Massachusetts Institute of Technology (MIT) - Department of Economics; Centre for Economic Policy Research (CEPR); National Bureau of Economic Research (NBER)

Georgy Egorov


Northwestern University - Kellogg School of Management; NBER

Konstantin Sonin


Higher School of Economics; Centre for Economic Policy Research (CEPR)

July 31, 2009

MIT Department of Economics Working Paper No. 09-23

Abstract:     
We study dynamic selection of governments under different political institutions, with a special focus on institutional “flexibility.” A government consists of a subset of the individuals in the society. The competence level of the government in office determines collective utilities (e.g., by determining the amount and quality of public goods), and each individual derives additional utility from being part of the government (e.g., corruption or rents from holding office). We characterize dynamic evolution of governments and determine the structure of stable governments, which arise and persist in equilibrium. Perfect democracy, where current members of the government do not have an incumbency advantage or special powers, always leads to the emergencies of the most competent government. However, any deviation from perfect democracy destroys this result.
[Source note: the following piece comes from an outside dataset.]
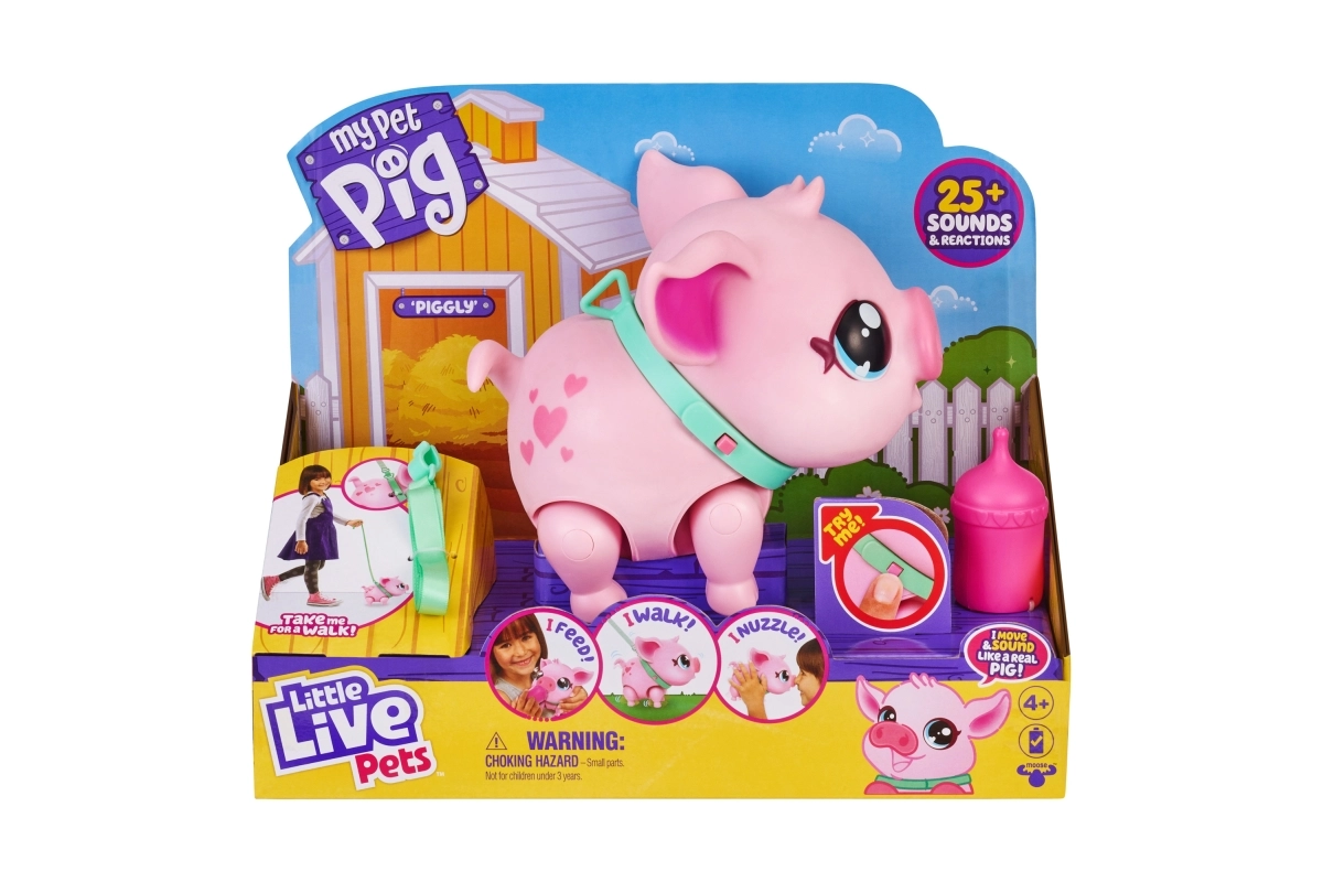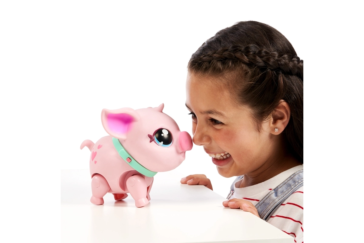Entdecke ein zauberhaftes Haustier, das in Kinderhänden lebendig wird. Piggly ist ein weiches rosafarbenes Schweinchen mit süßen Augen und Halsband, das auf Berührung, Bewegung und Zuwendung reagiert. Mit der Leine nimmst du es ganz einfach mit auf einen Spaziergang, und wenn es Hunger hat, fütterst du es mit dem Fläschchen.

There is always at least one other, less competent government that is also stable and can persist forever, and even the least competent government can persist forever in office. Moreover, a greater degree of democracy may lead to worse governments. In contrast, in the presence of stochastic shocks or changes in the environment, greater democracy corresponds to greater flexibility and increases the probability that high competence governments will come to power. This result suggests that a particular advantage of democratic regimes may be their greater adaptability to changes rather than their performance under given conditions. Finally, we show that, in the presence of stochastic shocks, “royalty-like” dictatorships may be more successful than “junta-like” dictatorships, because they might also be more adaptable to change.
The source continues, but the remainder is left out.